----- Material provided -----
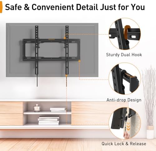 AHORRO DE ESPACIO: El soporte TV pared tiene un de 32mm desde la pared para ahorrar espacio y conseguir un aspecto más limpio y estilizado. Los cierres de seguridad del cable facilitan la fijación del televisor al soporte TV y su extracción.
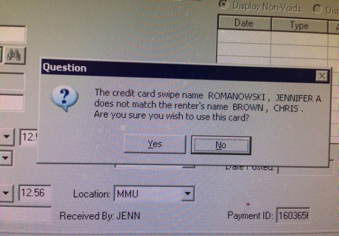 The Bluebird program also has a feature in which after a credit card is swiped, the system prompts the rental agent to key in the last four digits of the card. This ensures that the information from the swipe matches the number embossed on the front. As well, the system displays a warning if the renter's name doesn't match the cardholder's name upon swiping the card.
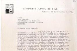 [Carta] 1972 noviembre 15, Valdivia, Chile [a] Luis Oyarzún [manuscrito] Peter Weinberger P.
-----
■ **Work item**: Copy the whole of the material above exactly, and exclude every picture.

■ **Answer for this exercise**:
 AHORRO DE ESPACIO: El soporte TV pared tiene un de 32mm desde la pared para ahorrar espacio y conseguir un aspecto más limpio y estilizado. Los cierres de seguridad del cable facilitan la fijación del televisor al soporte TV y su extracción.
 The Bluebird program also has a feature in which after a credit card is swiped, the system prompts the rental agent to key in the last four digits of the card. This ensures that the information from the swipe matches the number embossed on the front. As well, the system displays a warning if the renter's name doesn't match the cardholder's name upon swiping the card.
 [Carta] 1972 noviembre 15, Valdivia, Chile [a] Luis Oyarzún [manuscrito] Peter Weinberger P.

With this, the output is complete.